Tracheostomy Care (Adult & Pediatric)

Tracheostomy Care (Adult & Pediatric)

EMT/AEMT STANDING ORDERS :

INDICATION

An adult or pediatric patient with an established tracheostomy in respiratory distress or failure.

PROCEDURES
  • Consult with the patient’s caregivers for assistance.
  • Assess tracheostomy tube. Look for possible causes of distress (DOPES) which may be easily correctable, such as a detached oxygen source.
  • If the patient’s breathing is adequate but exhibits continued signs of respiratory distress, administer high-flow oxygen via non-rebreather mask or blow-by, as tolerated, over the tracheostomy.
  • If patient’s breathing is inadequate, assist ventilations using bag-valve-mask.
  • If on a ventilator, remove the patient from the ventilator prior to using bag valve device with high-flow oxygen. mask device as there may be a problem with the ventilator or oxygen source.
  • Suction if unable to ventilate via tracheostomy or if respiratory distress continues.
  • Use no more than 100 mmHg suction pressure.
  • If the tracheostomy tube has a cannula, remove it prior to suctioning.
  • Determine proper suction catheter length by measuring the obturator.
  • If the obturator is unavailable, insert the suction catheter approximately 2 - 3 inches into the tracheostomy tube. Do not use force!
  • 2 - 3 mL saline flush may be used to help loosen secretions.
  • If the patient remains in severe distress, continue ventilation attempts using bag valve mask with high-flow oxygen via the tracheostomy.
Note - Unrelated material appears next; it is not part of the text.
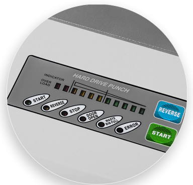
LED keypad with easy-to-use controls for simple operation.

Consider underlying reasons for respiratory distress and refer to the appropriate protocol for intervention.

PARAMEDIC STANDING ORDERS

INDICATIONS
  • An adult or pediatric patient with an established tracheostomy, in respiratory distress or failure where EMT and Advanced EMT tracheostomy interventions have been unsuccessful.
  • Dislodged tracheostomy tube.
CONTRAINDICATIONS

None

PROCEDURE
  • If the patient remains in severe respiratory distress, remove tracheostomy tube and attempt bag valve mask ventilation.
  • If another tube is available from caregivers, insert into stoma and resume ventilation (a standard endotracheal tube may be used or the used tracheostomy tube, after being cleaned).
  • If unable to replace tube with another tracheostomy tube or endotracheal tube, assist ventilations with bag valve mask and high-flow oxygen.